FIG. 1 is a diagram showing pixels used in conventional prediction, FIG. 2 is a block diagram showing the basic configuration of a halftone signal processing device in an embodiment of the present invention, and FIG. 3 is a diagram showing pixels and halftone dots. FIG. 4 is a diagram showing the relative positional relationship, FIG. 4 is a diagram explaining the functions of pixels used for prediction, FIGS. 5 a to d are diagrams showing examples of arrangement of pixels used for prediction, and FIGS. FIG. 3 is a diagram illustrating an example arrangement of pixels used for prediction. 4...Photoelectric conversion element, 5...Binarizer, 6...E memory, 7...Predictor, 8...
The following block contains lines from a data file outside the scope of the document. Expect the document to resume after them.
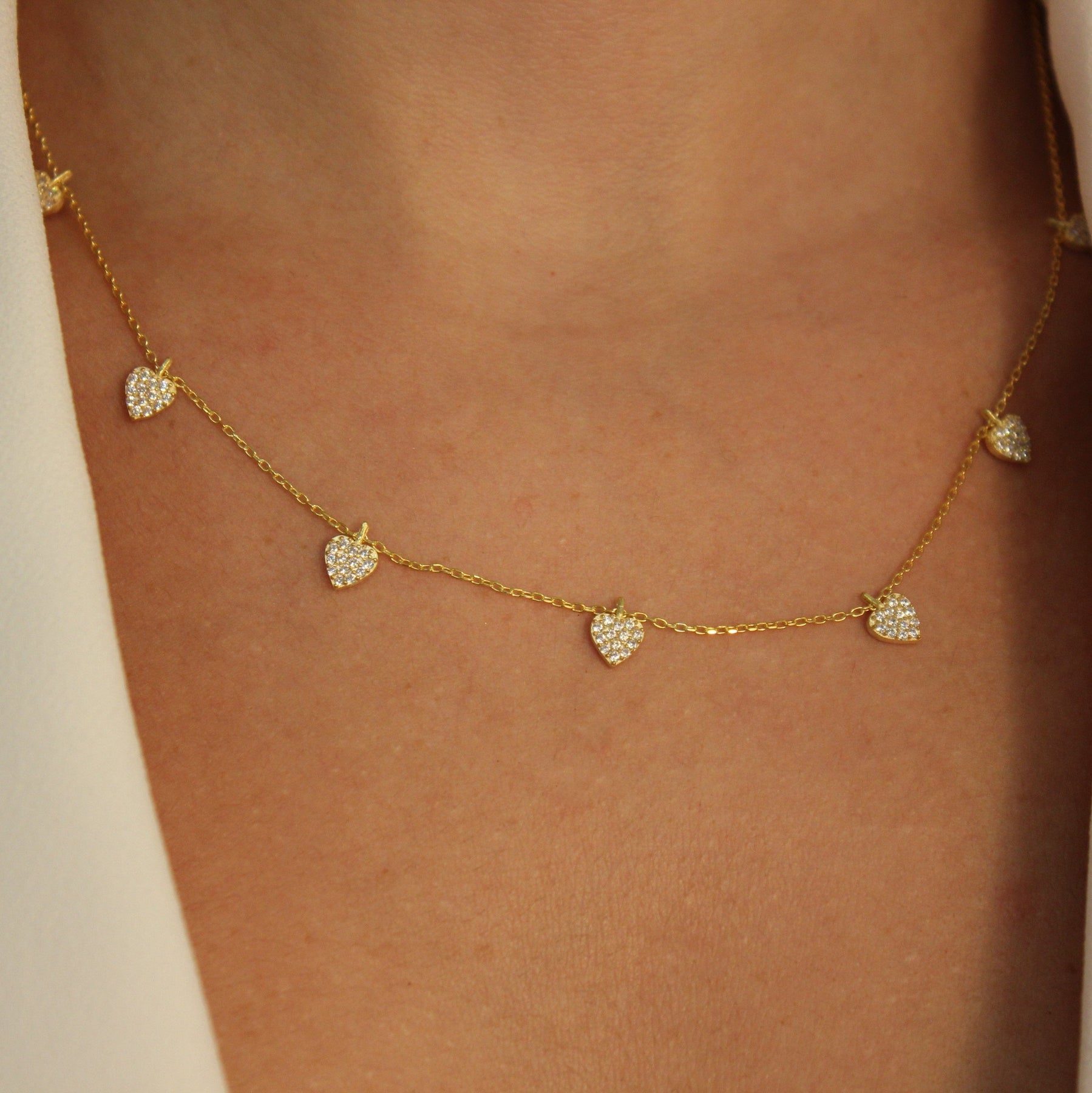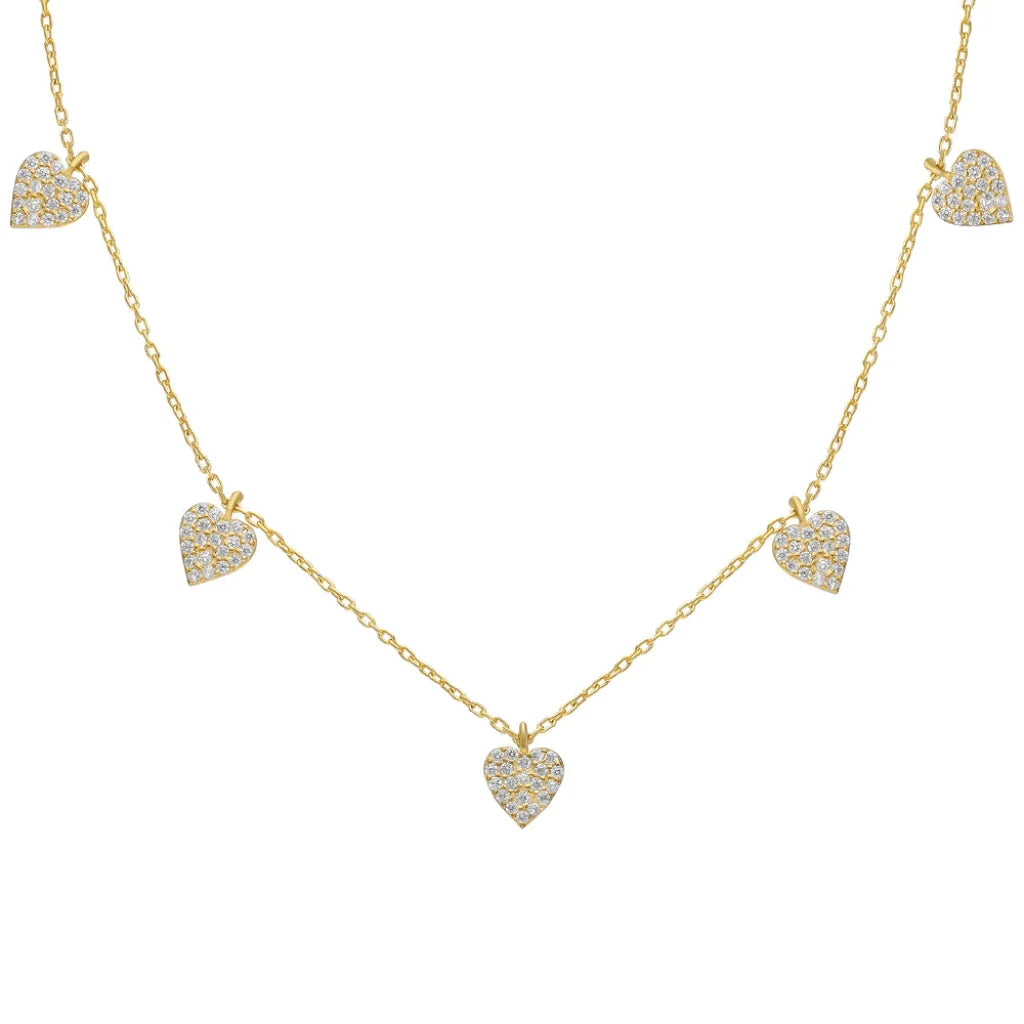 925 Sølv| 5-Delt Zirkon Hjerte Halskæde
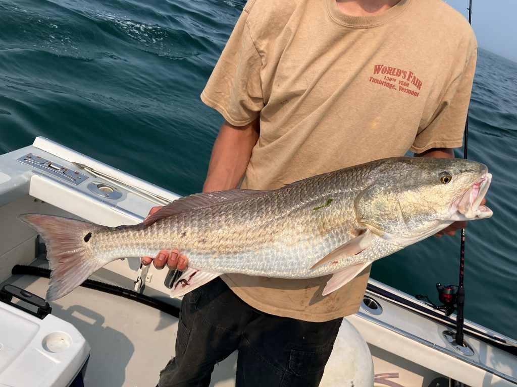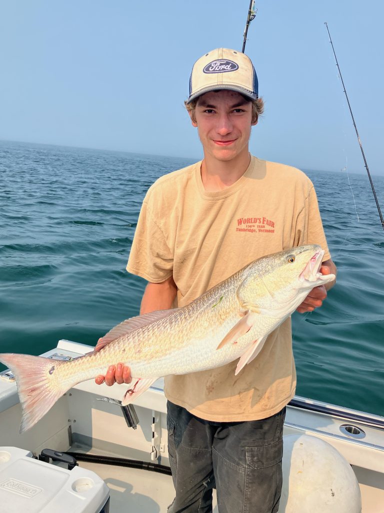 On Thursday, August 15, Captain Sam Crafts of Take A Chance Charters in Harwich Port, MA, left the dock early in the morning with Camden Stride—a native Vermonter who booked his first-ever saltwater fishing trip in pursuit of a mighty bluefin. Compared to the placid lakes and ponds of the Green Mountain state, the tuna fishing grounds off Cape Cod are an overwhelmingly different world. Whether it be a bluefin, a striper, or even a scup, any fish that Stride caught on his trip to Cape would mark a successful introduction to saltwater fishing. The last thing anyone expected, though, was to hook and land a red drum, a species more common in southeastern waters, on Cape Cod.
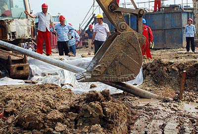 5月26日,伴随着机器的轰鸣和鞭炮声,位于湖北省黄冈市境内的仪长复线黄梅至九江段龙感湖支流水平定向钻穿越工程正式开工。该工程穿越水平长度1759.9米,最大穿越深度12.55米。 图为300吨水平定向钻机在龙感湖支流南侧定点入土。
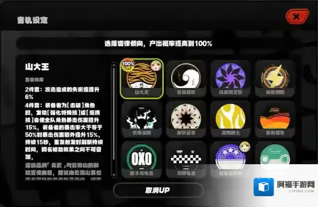 首选新出的山大王套,2件套能提供6%失衡值,4件套给全队提升30%爆伤,剩下的两个格子可以带2冲击,如果攻击没有达到3400或者暴击没有达到50的话可以带2攻击或者2暴击
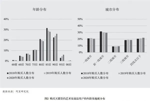 从2020年天猫线上搜索和消费视角,我们可以从一个侧面来观察艺术需求的特征。从用户的年龄分布可以看出,80后、90后成为关注和购买艺术品的主力军(如图1)。生长在改革开放时期的年轻人对情感和浪漫的需求不仅远远高于他们的父辈,且更为注重创新、享受和体验,艺术消费成为其较为刚性的需求;同时,新一线城市的艺术品消费人数异军突起,三四线城市也颇具消费发展潜力(如图2)。

... Comparator, 9 ... Encoder.

Claims (1)

[Claims] 1. When predicting pixels in a halftone image area using an adaptive prediction method, the pixel width in the main scanning direction is W_m, the pixel width in the sub-scanning direction is W_s, and these are multiplied by integers n_m and n_s, respectively. The values are l_m(=W_m×n_m), l_s(=W_
s×n_s), l_m and l_m are values close to the halftone dot spacing L_m and L_s in the main scanning and sub-scanning directions, and the center of the predicted pixel is the origin, and the x-axis is the main scanning direction and the sub-scanning direction, respectively. , a means for taking a first reference pixel around the predicted pixel on the origin, considering a coordinate axis to be the y-axis;
Coordinate points where _k, N_k are 0 or positive integers (±1/
2l_m・M_k, ±1/2l_s・N_k), and select the pixel on the selected point, this pixel, the pixels around this pixel, or both pixels as the second a halftone dot signal processing apparatus, comprising means for using the first and second reference pixels as reference pixels, and predicting the prediction pixel using the first and second reference pixels. 2. The halftone signal processing device according to claim 1, wherein pixels to the left, upper left, upper, and upper right of the predicted pixel are selected as the first reference pixels. 3. Within each reference pixel block formed as a collection of reference pixels around each center point with the origin and the selected coordinate point as the center point, a reference pixel block is placed in the shadow of one reference pixel when viewed from the center point. The halftone signal processing device according to claim 1, characterized in that no pixels are taken. 4. The halftone signal processing device according to claim 1, wherein the number of reference pixels is increased for a reference pixel block close to the predicted pixel, and the number of reference pixels is decreased for a reference pixel block far from the predicted pixel. 5 If the selected coordinate point is one point, the coordinate (-1/2l
2. The halftone signal processing device according to claim 1, wherein the halftone dot signal processing device selects a point of _m, +1/2l_s). 6 If there are two coordinate points to be selected, the coordinates (-1/2l
__m, +1/2l_s) and (+1/2l_m, +1
2. The halftone dot signal processing device according to claim 1, wherein two points of /2l_s) are selected. 7 If there are 3 coordinate points to be selected, the coordinates (-1/2l
__m, +1/2l_s), (+1/2l_m, +1/2
2. The halftone signal processing device according to claim 1, wherein three points, l_s) and (-l_m, 0), are selected. 8 If there are 4 coordinate points to be selected, the coordinates (-1/2l
__m, +1/2l_s), (+1/2l_m, +1/2
4 of l_s), (l_m, 0) and (0, +l_s)
2. The halftone signal processing device according to claim 1, wherein a dot is selected. 9. The halftone image processing device according to claim 1, wherein one pixel corresponding to one coordinate point is taken as a reference pixel.